«Он [Владислав ХОДАСЕВИЧ. — З. л.] всегда выглядел моложе своих лет благодаря прирожденной сухощавости и подвижности. Андрей Белый в воспоминаниях сравнивает его с гусеницей. Он имеет в виду, пожалуй, цвет лица Ходасевича — зеленоватый, отравленный, нездоровый. Маленькая, костлявая голова и тяжелые очки… если угодно, сходство, скорее, с муравьем. Впрочем, часто, по-юношески оживляясь, он не был лишен своеобразного шарма.

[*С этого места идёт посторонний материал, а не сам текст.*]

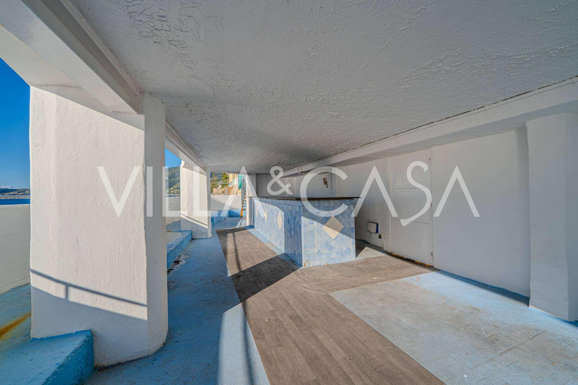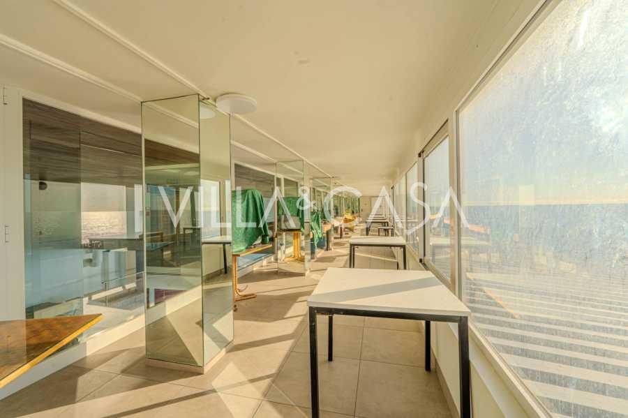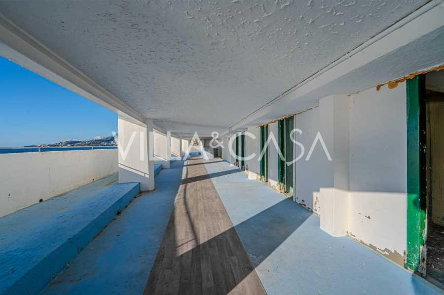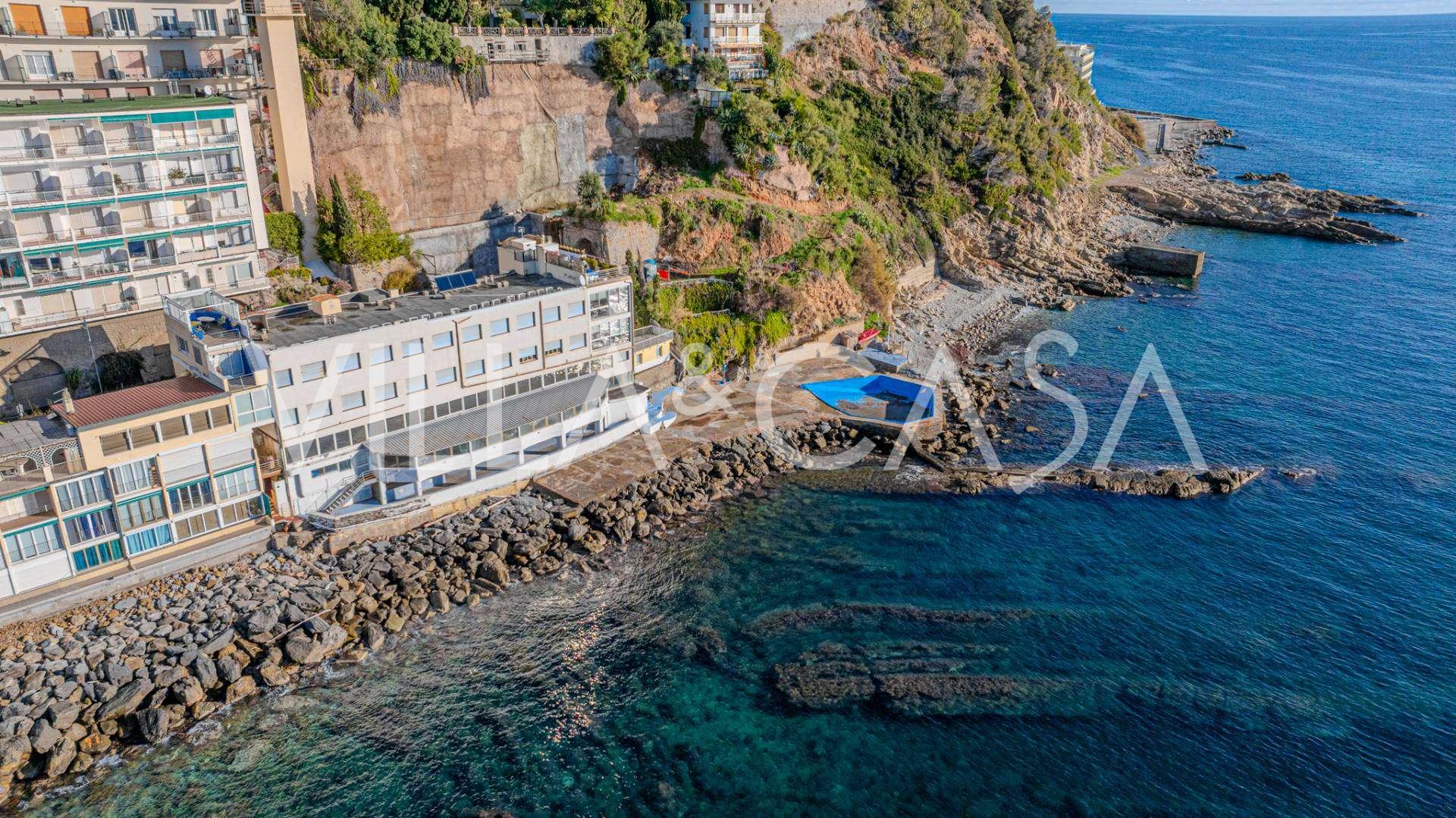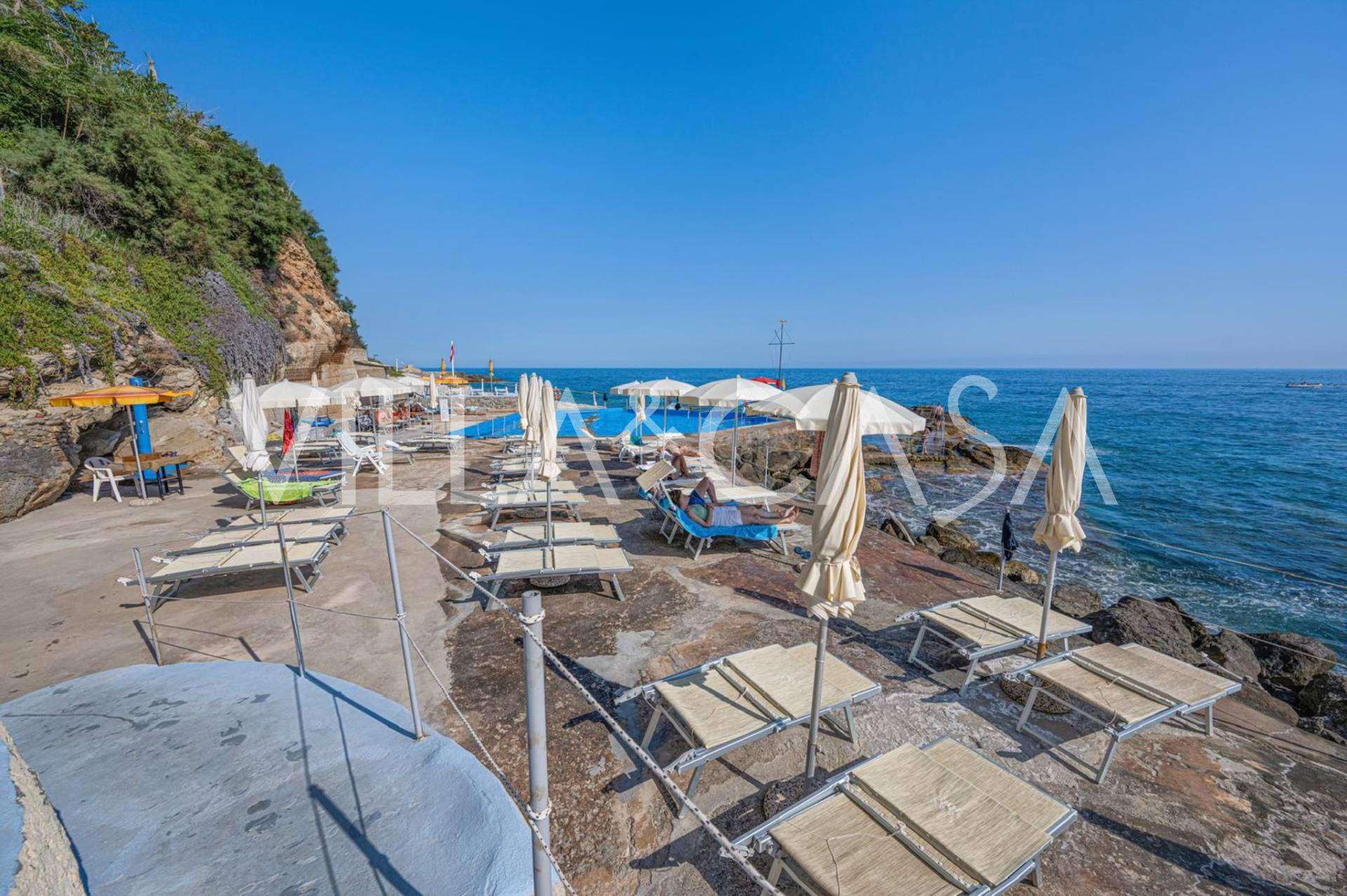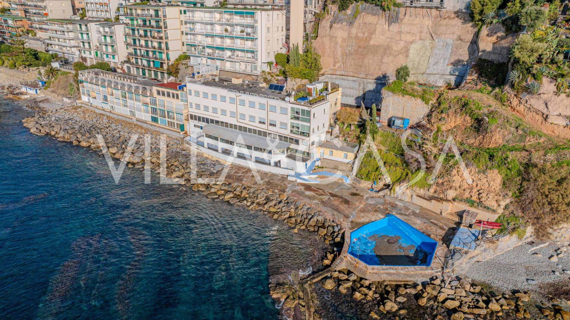 Está à venda um hotel único em Ospedaletti, localizado em um ponto privilegiado na costa, com acesso direto ao mar e praia privativa. Daqui, pode-se desfrutar de uma vista panorâmica magnífica do mar. Em dias claros, é possível ver parte da Riviera Francesa e as Ilhas Lérins, e nos meses de inverno, ao amanhecer, os contornos da Córsega.

Это было в Лас-Казе, на большом литературном собрании, еще в двадцатых годах: я обратил внимание на очкастого господина, типа вечного русского студента, с неправильным прикусом нижней челюсти… Это оказался Ходасевич, гроза молодых литераторов, нетвердо расставлявших знаки препинания (в первую очередь, Поплавского).
Ходасевич, как я уже упоминал, редко тогда бывал на наших собраниях; он был не в ладах или даже попросту в ссоре с Гиппиус, Адамовичем, Ивановым, Оцупом… Жил обособленно, гордо и обиженно, поддерживая связь, пожалуй, только с Цветаевой.
Молодежь, в общем, его уважала; «Тяжелую лиру» ценили все. Но не любили ни его, ни даже его стихов, в целом. Близкие ему парижские поэты не всегда были самые интересные: Терапиано, Смоленский, Юрий Мандельштам.
О «парижском стиле», норовившем передать всё или, во всяком случае, самое главное втиснуть в любую страницу, в любую строфу, пусть не на месте, но лучше, чем совсем пропустить (ведь самое главное всюду на месте или, вернее, всегда выпирает), — об этой особенности нашей литературы Ходасевич отзывался даже насмешливо. И постоянные разговоры о самом главном, вместе с общим презрением к «литературе», он не совсем понимал и, во всяком случае, порицал.
Мысль его, вероятно, можно было бы свести к следующему…
Если искусство серьезная вещь, преображающая жизнь вроде религии, тогда надо к нему относиться с предельным уважением, холить его и следует забыть навсегда, что оно будто бы «пройдет»! Если же искусство только некая игра, детская комедия (а главное — «та француженка, которая перевязывает чьи-то раны»), тогда нужно к искусству относиться снисходительно, позволяя профессионалам выдумывать, шутить, кувыркаться и не требовать уже здесь всегда «самого главного».
(Рассуждение вполне логичное, но увы, не удовлетворяющее).
По словам Ходасевича, мы все ему напоминали одного знакомого, с которым он раз, летом, в жару, поехал на подмосковную дачу. Тот, приятель, все время восторгался тишиной, прохладой, ароматом леса. а
— Ах, какая тишина, ах, какая прелесть! — повторял он без конца, мешая, уничтожая в зародыше эту самую пресловутую тишину.
Вот этот эпизод Ходасевич обязательно вспоминал, когда при нем упоминали о честности или подлинности в литературе — а говорили на такие темы в Париже тогда часто».
Василий Яновский. Из мемуаров «Поля Елисейские».
На фото: В. Ф. Ходасевич. Париж, 1930-е.